Miguel Torrén

Personal information
- Full name: Miguel Ángel Torrén
- Date of birth: August 12, 1988 (age 37)
- Place of birth: Villa Constitución, Argentina
- Height: 1.78 m (5 ft 10 in)
- Position: Centre-back

Team information
- Current team: Bolívar
- Number: 3

Youth career
- Newell's Old Boys

Senior career*
- Years: Team / Apps / (Gls)
- 2005–2008: Newell's Old Boys / 25 / (0)
- 2008–2010: Cerro Porteño / 57 / (0)
- 2010–2023: Argentinos Juniors / 302 / (4)
- 2024: Unión Santa Fe / 22 / (0)
- 2025–: Bolívar / 15 / (0)

International career
- 2005: Argentina U17 / 2 / (0)
- 2007: Argentina U20 / 5 / (0)

= Miguel Torrén =

Argentine footballer

Miguel Ángel Torrén (born August 12, 1988) is an Argentine professional footballer who plays as a centre-back for Bolivian Primera División side Bolívar.

== Career ==

=== Club ===
Torren played for Newell's Old Boys since 2005, but he had to wait until the Apertura 2006 tournament to become a first team regular, playing in 18 of the team's 19 games. He went on to make 25 appearances for the club, including one game in the Copa Libertadores 2006 tournament.

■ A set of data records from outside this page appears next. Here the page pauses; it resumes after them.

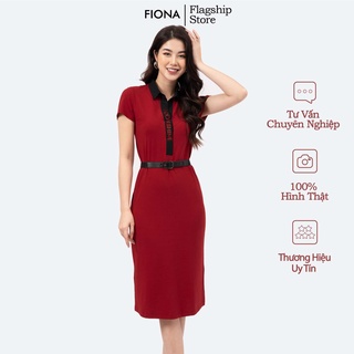 Đầm nữ dáng suông cổ Polo thêu chữ, váy cotton nữ dáng dài thắt đai eo FIONA F421203
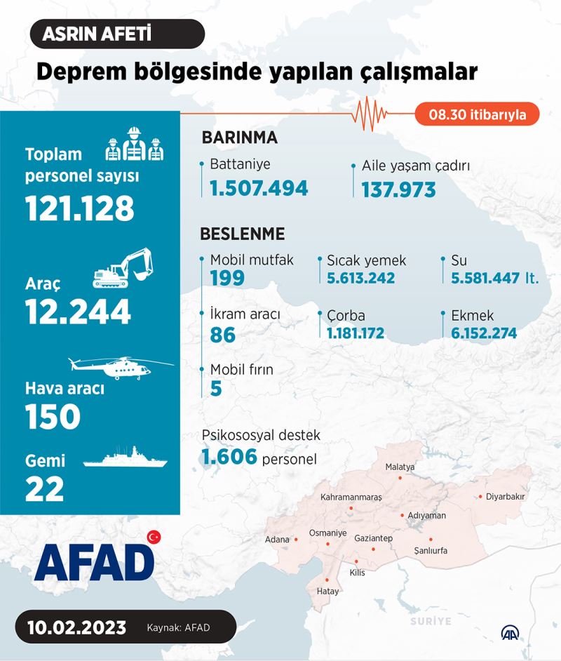 AFAD, Emniyet, Jandarma, MSB, UMKE, ambulans ekipleri, gönüllüler, yerel güvenlik ve yerel destek ekiplerinden görevlendirilen saha personel sayısı ile beraber bölgede görev yapan personel sayısı 121 bin 128'e ulaştı.
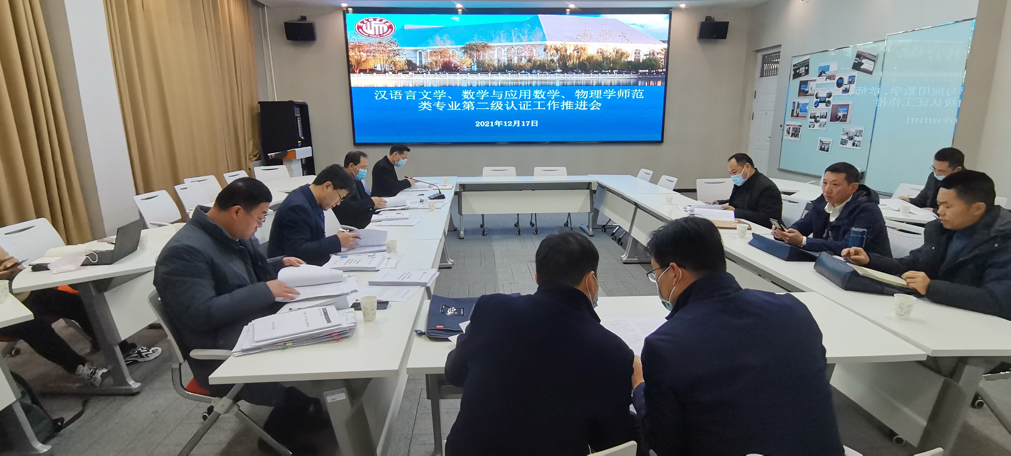 2021年12月17日,今年会在三商楼召开汉语言文学、数学与应用数学、物理学师范类专业第二级认证工作推进会。教师评价与教师发展中心主任孟现志、副主任王峥,教师教育学院院长孙旭,生物与食品学院院长周庆峰,三个师范专业负责人员参加会议。

In 2008, he joined Cerro Porteño of Paraguay. Subsequently, in 2010, he joined defending Argentine Primera División champion Argentinos Juniors.

On February 11, 2019, he played 200 games defending the shirt of Argentinos Juniors, being the first to achieve it in the 21st century, placing 16th in the ranking of those who had the most appearances with said shirt.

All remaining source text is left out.